In the entries below, find the line with "Imagen 23. Redes en HF deterioradas." and the line with "Один из выставочных стендов", then retype both and everything between them exactly. Do not copy the pictures.

Exercise material Block Start

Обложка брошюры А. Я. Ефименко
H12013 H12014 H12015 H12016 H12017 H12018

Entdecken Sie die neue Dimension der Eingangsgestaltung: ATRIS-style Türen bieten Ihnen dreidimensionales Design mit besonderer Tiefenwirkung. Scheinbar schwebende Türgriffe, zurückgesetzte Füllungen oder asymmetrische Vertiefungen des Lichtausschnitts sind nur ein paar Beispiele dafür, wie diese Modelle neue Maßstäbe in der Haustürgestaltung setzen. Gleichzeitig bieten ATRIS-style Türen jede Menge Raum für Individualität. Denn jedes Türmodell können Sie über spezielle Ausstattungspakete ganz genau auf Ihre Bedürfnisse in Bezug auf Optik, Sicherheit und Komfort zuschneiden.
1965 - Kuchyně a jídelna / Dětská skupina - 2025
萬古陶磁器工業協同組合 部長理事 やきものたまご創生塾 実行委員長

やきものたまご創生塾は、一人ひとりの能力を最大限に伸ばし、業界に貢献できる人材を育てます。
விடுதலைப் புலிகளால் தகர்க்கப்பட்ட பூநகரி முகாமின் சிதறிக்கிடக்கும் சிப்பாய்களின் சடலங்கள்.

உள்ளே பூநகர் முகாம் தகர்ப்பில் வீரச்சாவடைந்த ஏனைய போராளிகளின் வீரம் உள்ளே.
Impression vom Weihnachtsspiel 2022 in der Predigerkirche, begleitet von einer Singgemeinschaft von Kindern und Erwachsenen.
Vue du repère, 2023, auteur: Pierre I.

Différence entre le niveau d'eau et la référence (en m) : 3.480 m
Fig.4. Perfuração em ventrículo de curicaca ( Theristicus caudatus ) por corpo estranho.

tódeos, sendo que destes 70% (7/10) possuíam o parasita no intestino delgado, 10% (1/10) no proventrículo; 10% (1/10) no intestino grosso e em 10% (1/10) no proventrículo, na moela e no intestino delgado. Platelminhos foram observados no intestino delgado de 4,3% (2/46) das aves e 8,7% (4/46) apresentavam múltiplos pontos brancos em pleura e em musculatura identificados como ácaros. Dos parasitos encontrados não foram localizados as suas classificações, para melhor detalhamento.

Exercise material Block End
Exercise material Block Start

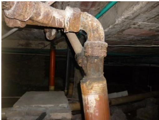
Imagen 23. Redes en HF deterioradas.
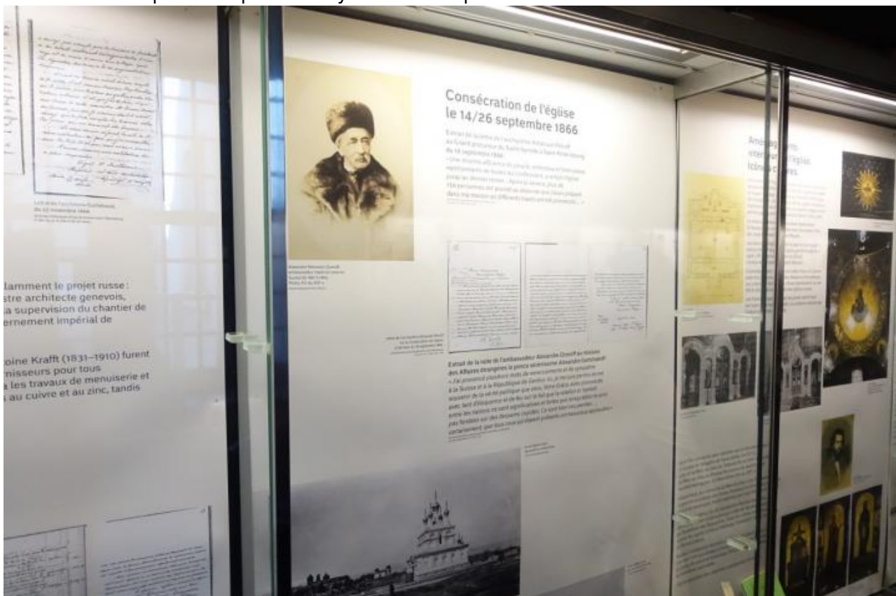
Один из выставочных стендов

Exercise material Block End

> **Task response**
Imagen 23. Redes en HF deterioradas.
Один из выставочных стендов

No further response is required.